A third objection has been brought forward by Leyden, and is really an enlargement on the second. It is, that various lesions or morbid processes may underlie the same clinical history. In four autopsies of cases presenting all the clinical history of acute anterior poliomyelitis this author has found three different lesions. In one an extensive lepto-meningitis, together with irregular focal sclerosis of the white columns, evidently depended upon the latter, and in turn caused sclerosis of the anterior cornua with consequent destruction of their cells.114 In two other cases an anterior poliomyelitis was accompanied by diffused lesions of the central canal. Finally, in a fourth case the lesions were limited to the anterior cornua, as is most usual.
114 This case of Leyden's throws light on the two autopsies by Laborde with sclerosis of the white columns and intact cornua. It seems probable that a process originating in the cornua had then been arrested or had receded, while continuing its evolution in the white columns.
The theory of acute atrophy of ganglionic cells is not sensibly different from that of a parenchymatous myelitis.115 But all the objections which can be urged against the former theory apply to the latter also, with the exception that the hypothesis of inflammation suggests a cause for the otherwise inexplicable atrophy. Observation of the pathological appearances alone could not decide whether the irritation started in the parenchymatous or interstitial tissues. Reference to the etiology of the disease shows that of the two most frequent apparent causes, blood-poisoning and traumatisms, the first would indicate that the inflammation started in the connective tissue supporting the blood-vessels; the second suggests that the irritation began in the spinal elements constituting the origin of the nerves.

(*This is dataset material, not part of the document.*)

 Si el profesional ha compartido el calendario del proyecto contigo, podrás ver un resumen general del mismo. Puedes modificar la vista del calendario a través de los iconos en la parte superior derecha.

115 Hammond assumes such a form of myelitis in his classification of inflammations limited to the anterior part of the gray matter of the spinal cord:
1. Inflammation of motor and trophic nerve-cells: (a) Infantile spinal paralysis; (b) Spinal paralysis of adults; (c) Pseudo-hypertrophic spinal paralysis.

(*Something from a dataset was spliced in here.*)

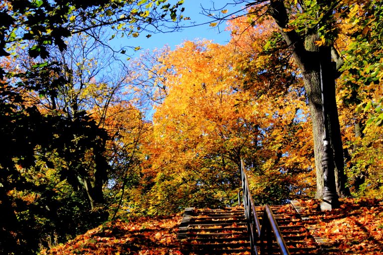 W listopadzie już rzadsze są pogodne dni. Niemniej, zdarzają się. Gdy w dzień słońce rozświetla bezchmurne niebo albo przy niedużym zachmurzeniu, szczególnie warto wybrać się na spacer „wśród barw złotej jesieni”. Albo nawet pędząc do pracy, czy na zakupy, popatrzeć na otaczający świat. Czas kolorowej jesieni szybko się skończy. W grudniu już coraz mniej słonecznych…

2. Inflammation of motor cells: (a) Glosso-labia-laryngeal paralysis.
3. Inflammation of trophic cells: (a) Progressive muscular atrophy; (b) Progressive facial atrophy (Dis. Nerv. Syst., 6th ed., p. 464).
We think this classification open to several fundamental criticisms.
Whatever be the starting-point, however, it is very evident that the morbid process soon involves all the tissues contained in the gray matter of the anterior horns, and constitutes, therefore, a real anterior poliomyelitis.
A question of much interest is the relation to this of the lesions of the anterior roots and of the white columns. Is the atrophy of nerve-tubes a passive consequence of their separation from the ganglionic cells, the sclerosis a secondary consequence of this? or is the sclerosis the cause of the atrophy, itself the result of an irritation propagated downward from the myelitic focus, according to the usual law for secondary degenerations in motor tracts? or, finally, is it a residuum of a leucomyelitis (or of the white substance), complicating by simple extension the inflammation of the gray substance?